Fadi Malas is Just Falafel's chief executive, based in Dubai. He wants falafel to be a staple of the Western high street and food court. "Even here in Dubai had we not opened my kids would have never heard of falafel," he says. "The idea of a falafel shop is small on the sidewalk in the least prominent retail environment. We're changing that position."

Malas is also part of a new generation of Middle-Eastern fast-food merchants trying to reverse the global flow of deep fat. Maoz, from Israel, and Bateel, from Saudi Arabia are two other brands getting a foothold in Europe after decades in which US fast-food giants have dominated their region.

But it's within the Middle East that food – and particularly falafel – can become divisive. When Barack Obama travelled to Israel in March he expected to cause controversy – but perhaps not because of his breakfast. Before his trip, Israeli media reported that President Shimon Peres planned to serve falafel, inflaming a simmering food war that mirrors the broader conflict in the region. Israel and Palestine are among those countries who claim falafel as their own. "The Israelis have stolen the land and even the culture, and now the cuisine," Mahdi Abdul Hadi, a Palestinian academic, told Gulf News before the Obama trip.

The row perhaps peaked a few years ago when postcards emerged showing an Israeli flag planted in falafel below the word's "Falafel – Israel's national snack". Palestinians responded by pasting their flag over Israel's. Elsewhere, a taste for falafel has helped to unite Jewish, Muslim and Christian communities, but this offended Islamic zealots in Baghdad. In 2006, they ordered falafel sellers to leave the streets, shooting dead two who refused.

The forecasted "rain of falafel" in Britain shows how, regardless of its disputed roots, the food is becoming an international cuisine. One dreads to think what a Palestinian falafel maker would make of the "quesadilla" option at Just Falafel.
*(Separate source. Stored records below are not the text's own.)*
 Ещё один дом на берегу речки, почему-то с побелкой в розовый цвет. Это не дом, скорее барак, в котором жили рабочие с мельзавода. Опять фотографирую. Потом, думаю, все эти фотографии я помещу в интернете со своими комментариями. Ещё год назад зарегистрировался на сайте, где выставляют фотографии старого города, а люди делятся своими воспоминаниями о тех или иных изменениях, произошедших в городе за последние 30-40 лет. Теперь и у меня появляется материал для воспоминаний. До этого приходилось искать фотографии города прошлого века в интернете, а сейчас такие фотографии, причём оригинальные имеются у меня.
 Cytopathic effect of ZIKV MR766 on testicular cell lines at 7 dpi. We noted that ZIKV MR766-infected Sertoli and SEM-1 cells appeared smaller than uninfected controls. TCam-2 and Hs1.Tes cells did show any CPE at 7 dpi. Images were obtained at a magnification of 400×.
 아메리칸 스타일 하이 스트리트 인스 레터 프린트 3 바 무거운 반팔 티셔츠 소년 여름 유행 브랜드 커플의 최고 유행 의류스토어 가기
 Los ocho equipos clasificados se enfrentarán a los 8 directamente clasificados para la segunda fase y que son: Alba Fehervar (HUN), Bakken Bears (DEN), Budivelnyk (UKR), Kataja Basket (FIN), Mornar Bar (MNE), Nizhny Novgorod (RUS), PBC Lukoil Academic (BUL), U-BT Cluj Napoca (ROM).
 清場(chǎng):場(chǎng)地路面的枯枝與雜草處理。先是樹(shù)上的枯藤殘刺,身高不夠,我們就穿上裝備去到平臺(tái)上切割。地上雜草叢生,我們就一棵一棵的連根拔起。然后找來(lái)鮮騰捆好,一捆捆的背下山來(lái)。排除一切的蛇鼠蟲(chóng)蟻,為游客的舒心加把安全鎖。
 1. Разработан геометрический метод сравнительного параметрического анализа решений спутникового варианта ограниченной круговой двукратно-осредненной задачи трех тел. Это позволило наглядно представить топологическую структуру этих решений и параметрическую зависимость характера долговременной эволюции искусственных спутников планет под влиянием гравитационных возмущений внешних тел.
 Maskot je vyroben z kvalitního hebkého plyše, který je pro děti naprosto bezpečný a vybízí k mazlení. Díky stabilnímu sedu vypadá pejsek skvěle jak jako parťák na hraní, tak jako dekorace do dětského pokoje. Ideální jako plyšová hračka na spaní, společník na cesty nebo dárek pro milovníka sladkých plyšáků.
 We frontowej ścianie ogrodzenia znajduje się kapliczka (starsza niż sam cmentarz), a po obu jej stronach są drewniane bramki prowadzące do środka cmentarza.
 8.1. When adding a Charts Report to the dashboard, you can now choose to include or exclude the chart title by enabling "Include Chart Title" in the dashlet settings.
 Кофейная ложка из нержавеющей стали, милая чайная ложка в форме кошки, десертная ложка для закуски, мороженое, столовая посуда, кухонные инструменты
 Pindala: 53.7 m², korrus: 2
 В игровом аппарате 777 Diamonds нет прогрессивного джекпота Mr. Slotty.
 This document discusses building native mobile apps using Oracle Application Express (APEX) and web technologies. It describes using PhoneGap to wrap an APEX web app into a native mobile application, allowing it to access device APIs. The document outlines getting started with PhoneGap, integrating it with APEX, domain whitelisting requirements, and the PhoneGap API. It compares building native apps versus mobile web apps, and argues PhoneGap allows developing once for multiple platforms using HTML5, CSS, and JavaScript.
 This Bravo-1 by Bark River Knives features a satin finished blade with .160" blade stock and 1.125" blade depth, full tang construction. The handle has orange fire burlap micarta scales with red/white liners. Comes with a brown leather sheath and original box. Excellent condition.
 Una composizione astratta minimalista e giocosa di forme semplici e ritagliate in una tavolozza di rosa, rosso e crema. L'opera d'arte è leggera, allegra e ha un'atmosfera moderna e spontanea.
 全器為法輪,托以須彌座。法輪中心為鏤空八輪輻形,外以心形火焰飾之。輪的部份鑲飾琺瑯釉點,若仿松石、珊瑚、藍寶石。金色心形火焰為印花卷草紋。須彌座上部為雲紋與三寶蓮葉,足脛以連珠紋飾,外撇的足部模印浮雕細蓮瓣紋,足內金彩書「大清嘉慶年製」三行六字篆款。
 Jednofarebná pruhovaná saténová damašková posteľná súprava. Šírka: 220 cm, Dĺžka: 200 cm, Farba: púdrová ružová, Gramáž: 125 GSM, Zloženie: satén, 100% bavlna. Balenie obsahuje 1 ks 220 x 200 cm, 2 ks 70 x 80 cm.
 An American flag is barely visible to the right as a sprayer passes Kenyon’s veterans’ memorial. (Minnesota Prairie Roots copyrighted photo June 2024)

As food wars continue to sizzle in the region, the cry of those who seek to placate falafel activists – and perhaps convince those still unsure about the merits of minced pulses – has always been: "give (chick) peas a chance".

Patrick Matthews' Falafels

Makes about 20

175g dried chickpeas (not boiled)
325g fuul (skinned and dried broad beans)
1 medium onion, chopped
4 cloves of garlic
The white part of a leek
3g white pepper
3g black pepper
6g ground coriander
4g ground cumin
4g ground allspice
Half a bunch each of chopped parsley and coriander
Bicarbonate of soda
Sesame seeds (optional)

Soak the chickpeas and beans, separately, for 24 hours. Then grind them with all the other ingredients apart from the bicarbonate and sesame in a food processor or meat mincer. You will now have a stiff paste. When you are ready to deep fry, ideally in groundnut oil, add some water, optional sesame seeds for decoration, and a teaspoon or so of sodium bicarbonate.

Roll the mixture by hand into squash-ball-sized lumps or use a specialised falafel scoop, and put them one by one into oil heated to 180 degrees celsius. Turn them with a slotted spoon and remove when golden to drain on kitchen paper.

If the mixture becomes too wet and doesn't adhere, add some flour or better chickpea flour (Besam). This is likely to be necessary if you haven't found fuul and are using just chickpeas. Do not drop the balls in the oil from a height, as the hot oil will splash you – roll them in from just above the surface. Keep trying if the first few don't come out right. Eat with turnip and cucumber pickles, flat bread and tahini.